## [What is required]
An exact copy of the lines of the listing below between the "新築では見たことの無い金物が" line and the "오리지널 육수와 호주" line, both included, is the whole answer; please omit the pictures.

## [Working data]
:::::

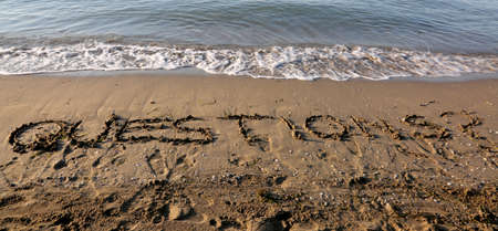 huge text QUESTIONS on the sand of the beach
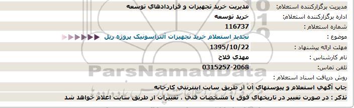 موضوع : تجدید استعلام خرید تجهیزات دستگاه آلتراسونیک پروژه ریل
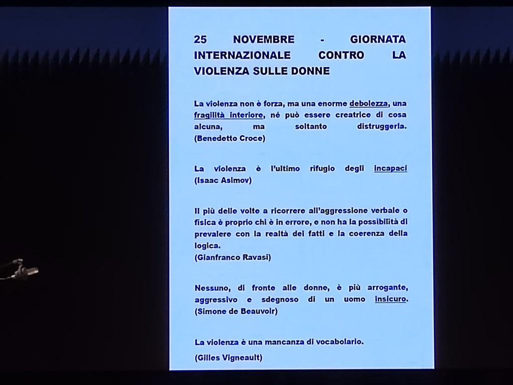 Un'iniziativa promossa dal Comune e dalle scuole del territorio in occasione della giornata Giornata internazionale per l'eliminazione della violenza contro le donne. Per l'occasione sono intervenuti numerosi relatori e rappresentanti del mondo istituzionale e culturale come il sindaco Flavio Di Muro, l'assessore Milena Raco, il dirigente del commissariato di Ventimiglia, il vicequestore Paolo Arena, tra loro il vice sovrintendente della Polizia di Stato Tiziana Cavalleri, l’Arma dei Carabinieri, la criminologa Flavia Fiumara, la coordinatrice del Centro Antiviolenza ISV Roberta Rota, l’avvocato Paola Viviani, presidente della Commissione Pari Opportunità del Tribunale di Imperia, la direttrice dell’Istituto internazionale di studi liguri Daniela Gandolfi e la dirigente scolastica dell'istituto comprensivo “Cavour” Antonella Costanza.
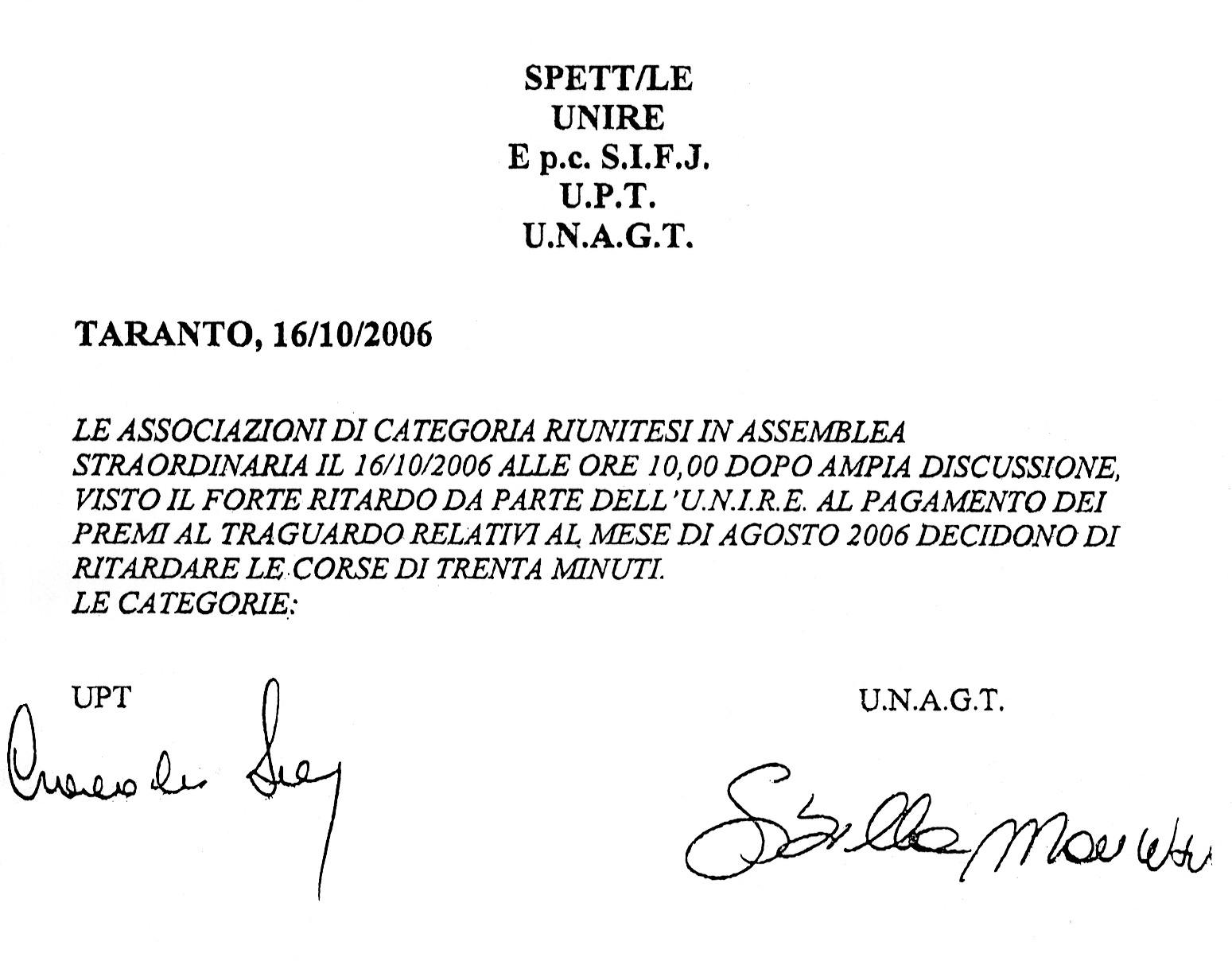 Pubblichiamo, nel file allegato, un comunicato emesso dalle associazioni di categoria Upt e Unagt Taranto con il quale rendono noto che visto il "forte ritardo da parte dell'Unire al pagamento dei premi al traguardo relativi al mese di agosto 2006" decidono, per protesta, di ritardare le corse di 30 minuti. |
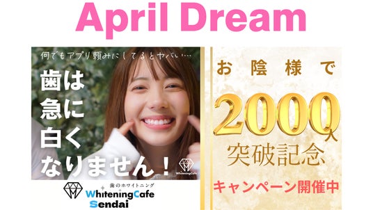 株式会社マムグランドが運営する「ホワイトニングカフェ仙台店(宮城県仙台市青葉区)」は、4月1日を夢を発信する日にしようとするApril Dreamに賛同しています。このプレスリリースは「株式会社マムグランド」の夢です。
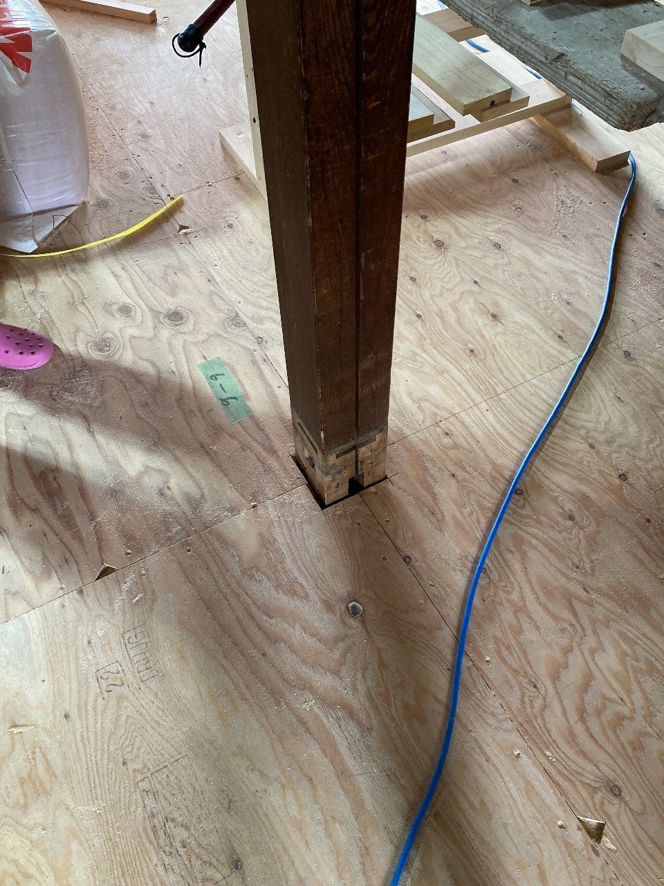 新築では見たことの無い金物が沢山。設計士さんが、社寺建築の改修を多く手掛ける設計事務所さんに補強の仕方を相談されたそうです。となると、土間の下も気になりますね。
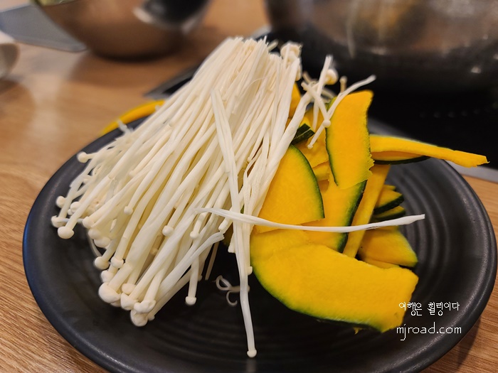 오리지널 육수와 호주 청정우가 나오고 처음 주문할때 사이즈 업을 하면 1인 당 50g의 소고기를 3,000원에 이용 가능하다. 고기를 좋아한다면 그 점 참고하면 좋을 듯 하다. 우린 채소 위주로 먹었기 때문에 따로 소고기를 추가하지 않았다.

:::::

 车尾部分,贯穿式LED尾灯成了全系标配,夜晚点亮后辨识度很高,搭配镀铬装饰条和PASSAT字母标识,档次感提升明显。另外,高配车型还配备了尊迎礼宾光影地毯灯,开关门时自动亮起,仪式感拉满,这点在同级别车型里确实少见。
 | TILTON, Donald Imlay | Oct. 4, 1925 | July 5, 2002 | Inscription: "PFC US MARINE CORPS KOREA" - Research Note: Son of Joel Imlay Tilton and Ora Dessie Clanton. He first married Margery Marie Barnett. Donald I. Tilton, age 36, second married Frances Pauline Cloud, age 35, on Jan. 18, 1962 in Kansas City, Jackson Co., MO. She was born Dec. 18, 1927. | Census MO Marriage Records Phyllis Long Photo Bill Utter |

:::::

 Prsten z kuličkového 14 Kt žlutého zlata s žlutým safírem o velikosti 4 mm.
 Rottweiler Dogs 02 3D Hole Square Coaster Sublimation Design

:::::

## [Task response]
 新築では見たことの無い金物が沢山。設計士さんが、社寺建築の改修を多く手掛ける設計事務所さんに補強の仕方を相談されたそうです。となると、土間の下も気になりますね。
 오리지널 육수와 호주 청정우가 나오고 처음 주문할때 사이즈 업을 하면 1인 당 50g의 소고기를 3,000원에 이용 가능하다. 고기를 좋아한다면 그 점 참고하면 좋을 듯 하다. 우린 채소 위주로 먹었기 때문에 따로 소고기를 추가하지 않았다.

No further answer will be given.